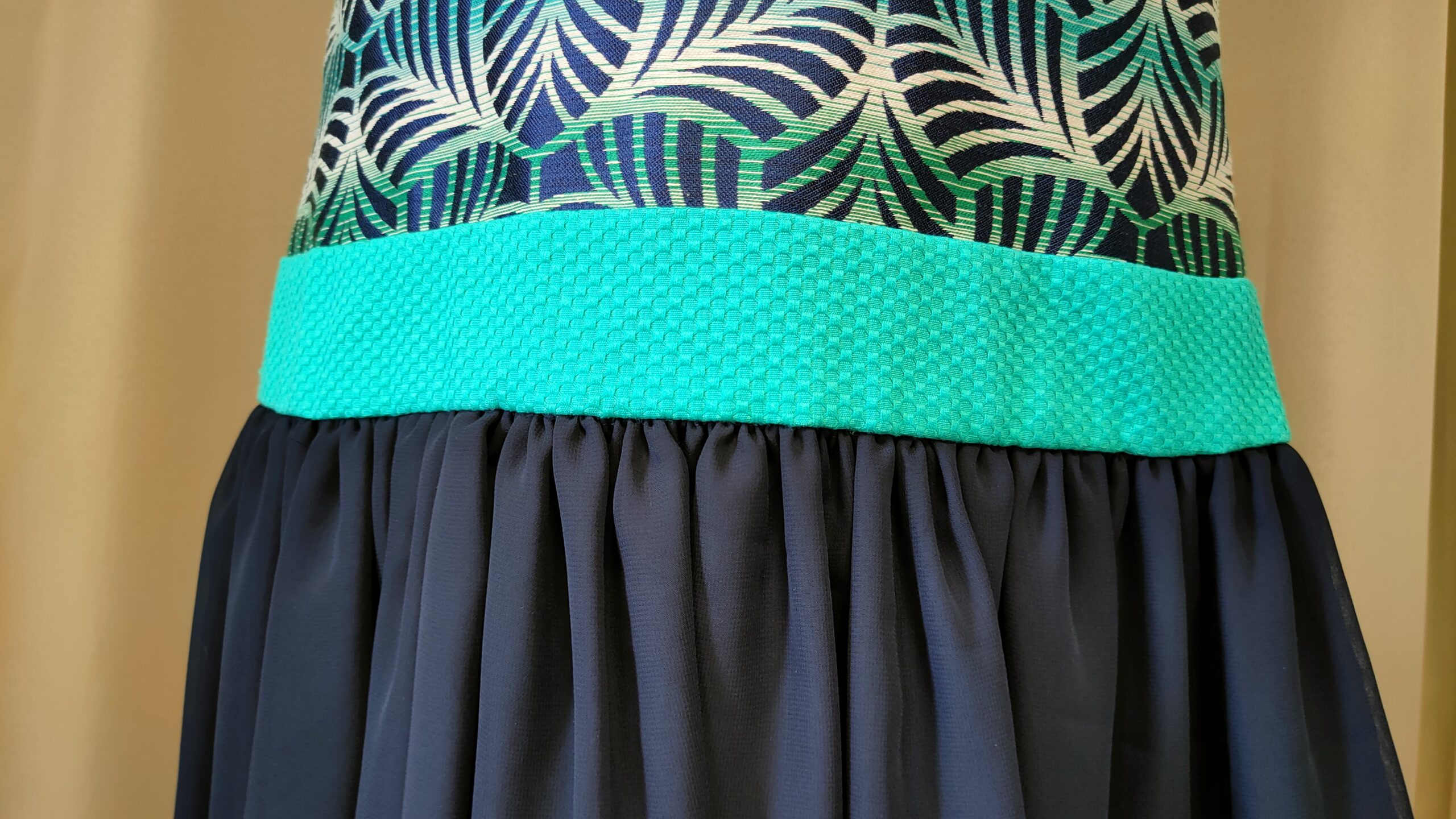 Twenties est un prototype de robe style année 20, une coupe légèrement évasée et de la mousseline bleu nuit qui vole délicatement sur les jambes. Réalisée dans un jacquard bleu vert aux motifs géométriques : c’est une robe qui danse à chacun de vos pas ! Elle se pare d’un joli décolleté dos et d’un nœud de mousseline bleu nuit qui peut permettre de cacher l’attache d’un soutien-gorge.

---

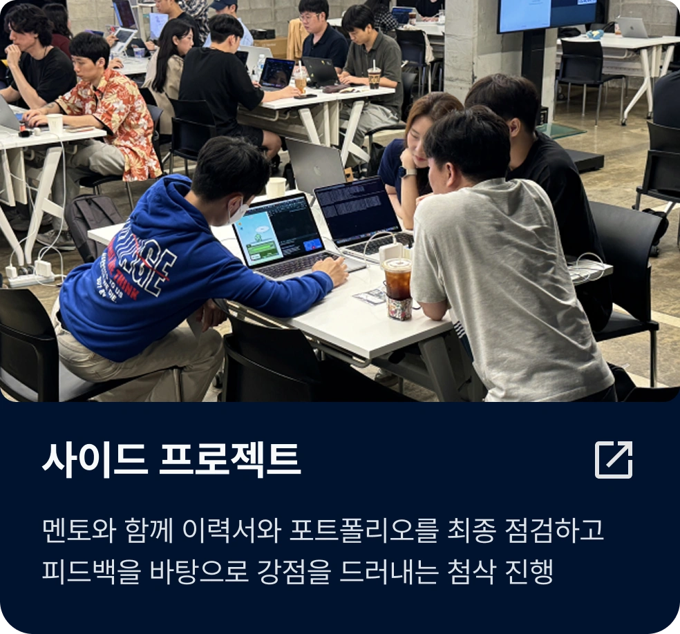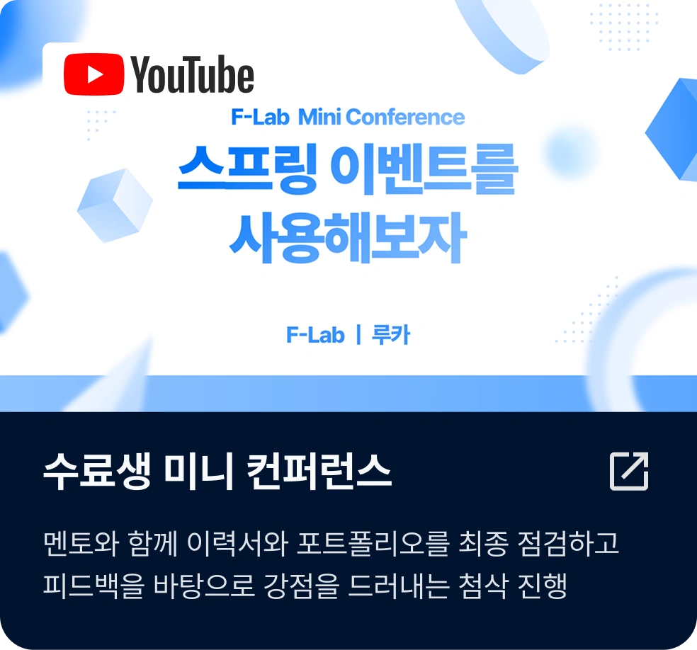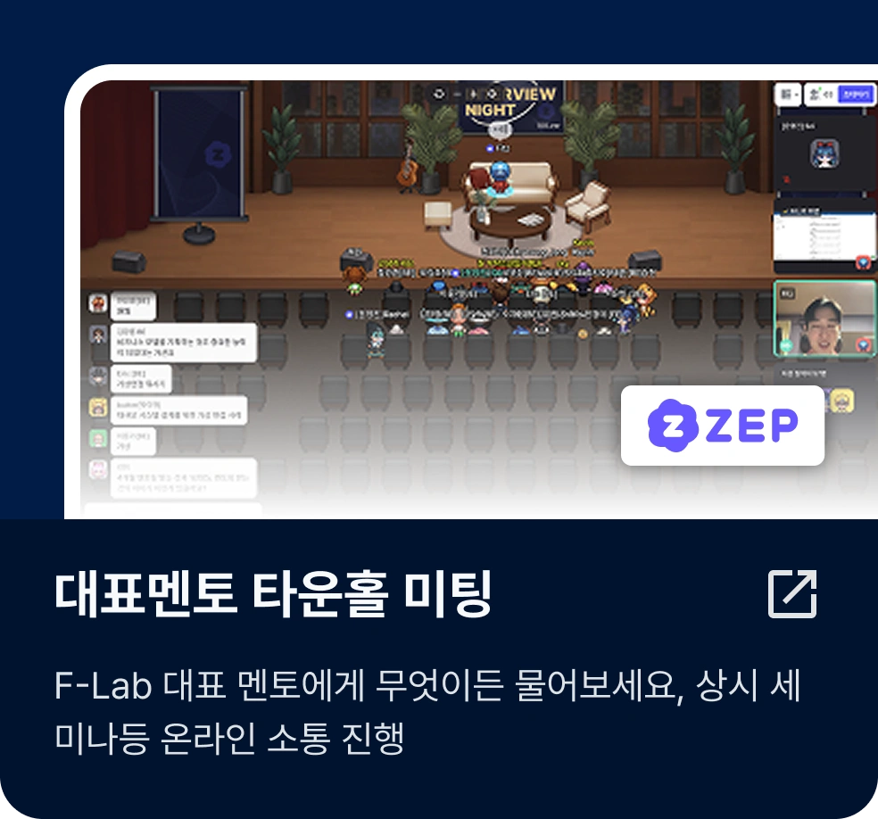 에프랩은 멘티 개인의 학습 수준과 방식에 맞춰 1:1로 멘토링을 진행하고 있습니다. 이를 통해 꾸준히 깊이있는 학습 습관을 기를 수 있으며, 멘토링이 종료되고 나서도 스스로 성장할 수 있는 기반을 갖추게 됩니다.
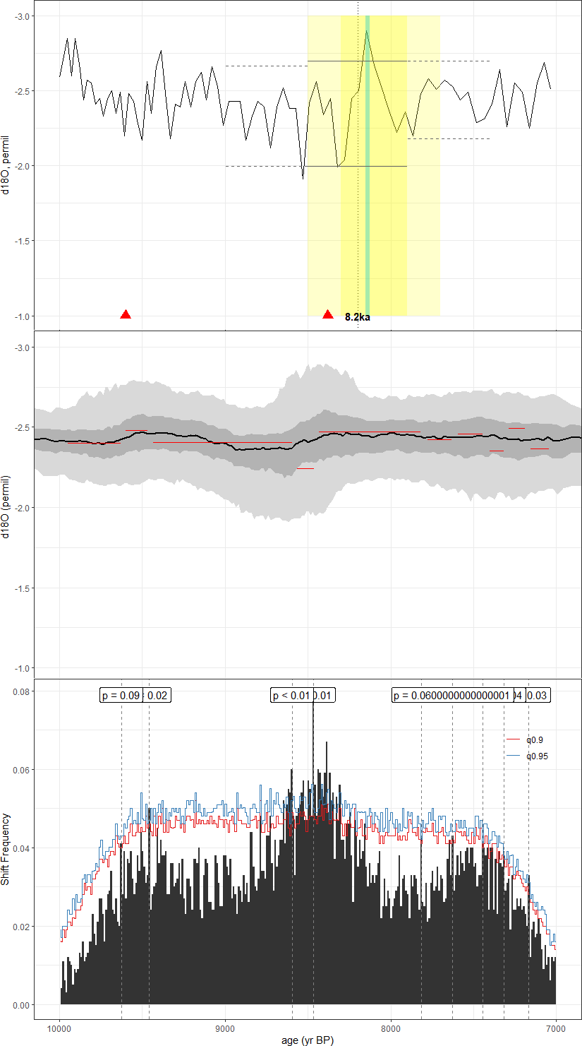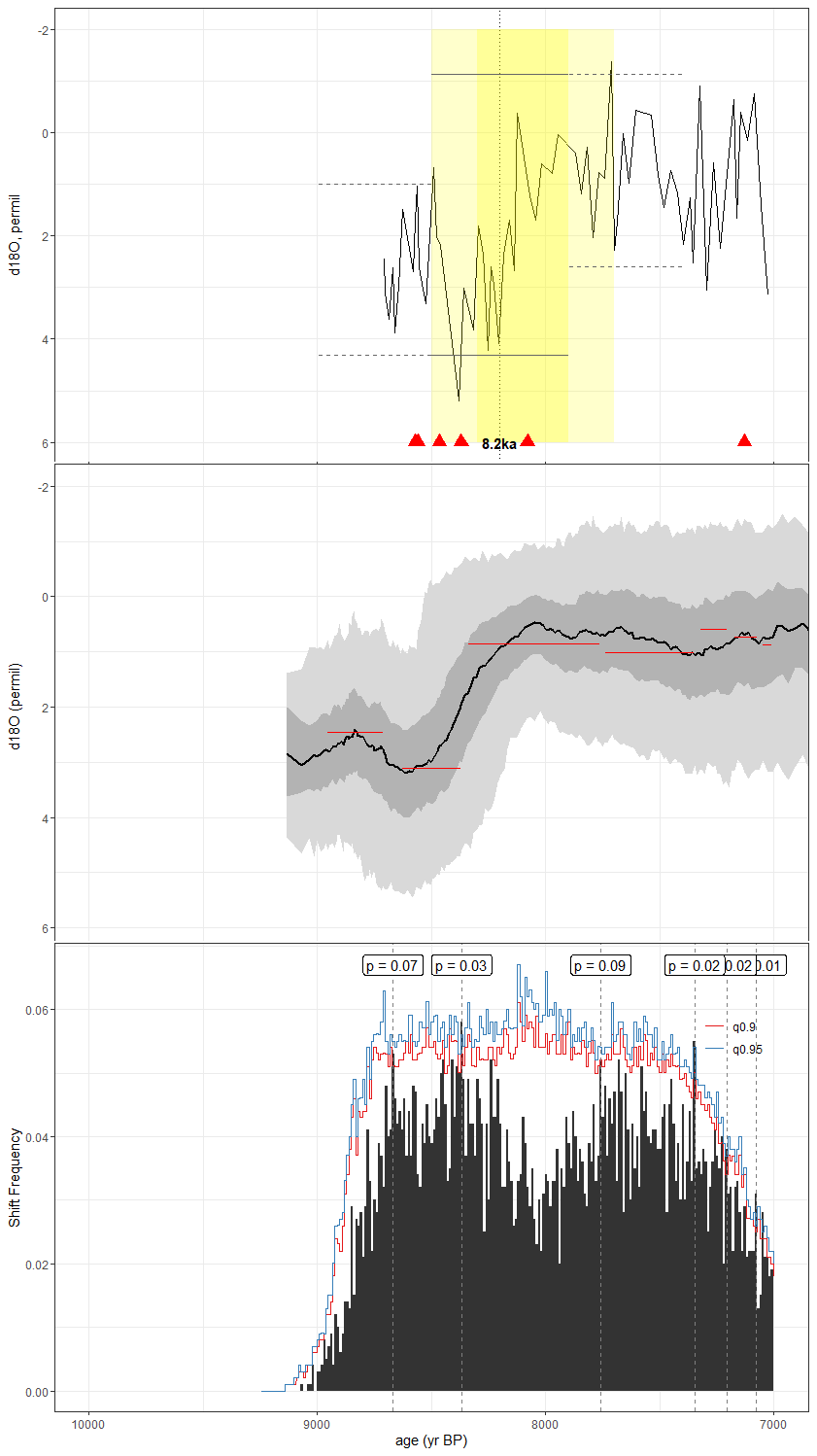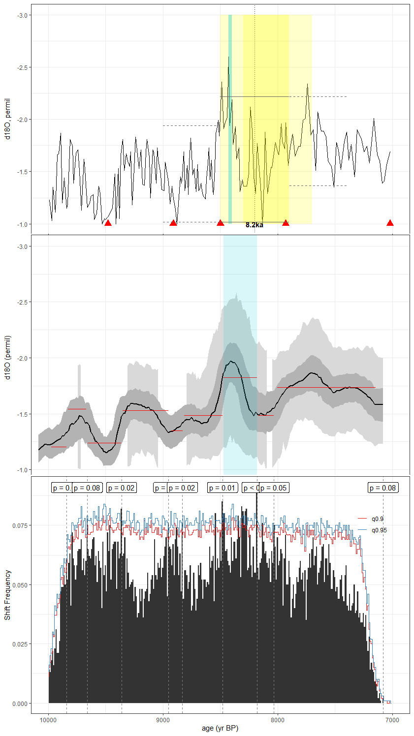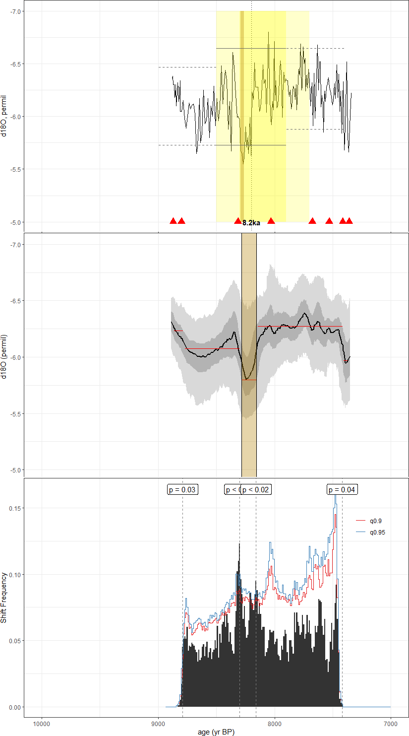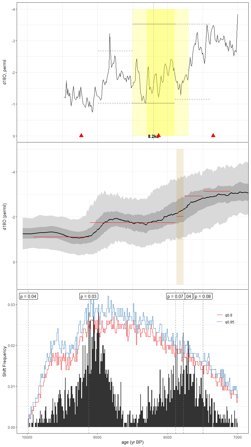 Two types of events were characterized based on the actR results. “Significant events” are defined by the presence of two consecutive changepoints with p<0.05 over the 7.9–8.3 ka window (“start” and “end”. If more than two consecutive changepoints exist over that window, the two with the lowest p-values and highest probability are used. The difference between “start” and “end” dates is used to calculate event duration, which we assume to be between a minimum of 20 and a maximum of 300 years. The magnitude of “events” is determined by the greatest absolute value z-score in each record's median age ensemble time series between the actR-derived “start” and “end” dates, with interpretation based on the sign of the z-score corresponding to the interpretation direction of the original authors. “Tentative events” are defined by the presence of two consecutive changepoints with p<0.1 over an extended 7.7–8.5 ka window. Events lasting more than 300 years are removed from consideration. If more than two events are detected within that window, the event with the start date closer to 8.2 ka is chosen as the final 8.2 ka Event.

-- TASK OBJECTIVE --
In the listing above, find the line containing "에프랩은 멘티 개인의" and the line containing "Two types of", then write out both of them and every line between, exactly, with no pictures.

-- RESPONSE TO THE TASK --
 에프랩은 멘티 개인의 학습 수준과 방식에 맞춰 1:1로 멘토링을 진행하고 있습니다. 이를 통해 꾸준히 깊이있는 학습 습관을 기를 수 있으며, 멘토링이 종료되고 나서도 스스로 성장할 수 있는 기반을 갖추게 됩니다.
 Two types of events were characterized based on the actR results. “Significant events” are defined by the presence of two consecutive changepoints with p<0.05 over the 7.9–8.3 ka window (“start” and “end”. If more than two consecutive changepoints exist over that window, the two with the lowest p-values and highest probability are used. The difference between “start” and “end” dates is used to calculate event duration, which we assume to be between a minimum of 20 and a maximum of 300 years. The magnitude of “events” is determined by the greatest absolute value z-score in each record's median age ensemble time series between the actR-derived “start” and “end” dates, with interpretation based on the sign of the z-score corresponding to the interpretation direction of the original authors. “Tentative events” are defined by the presence of two consecutive changepoints with p<0.1 over an extended 7.7–8.5 ka window. Events lasting more than 300 years are removed from consideration. If more than two events are detected within that window, the event with the start date closer to 8.2 ka is chosen as the final 8.2 ka Event.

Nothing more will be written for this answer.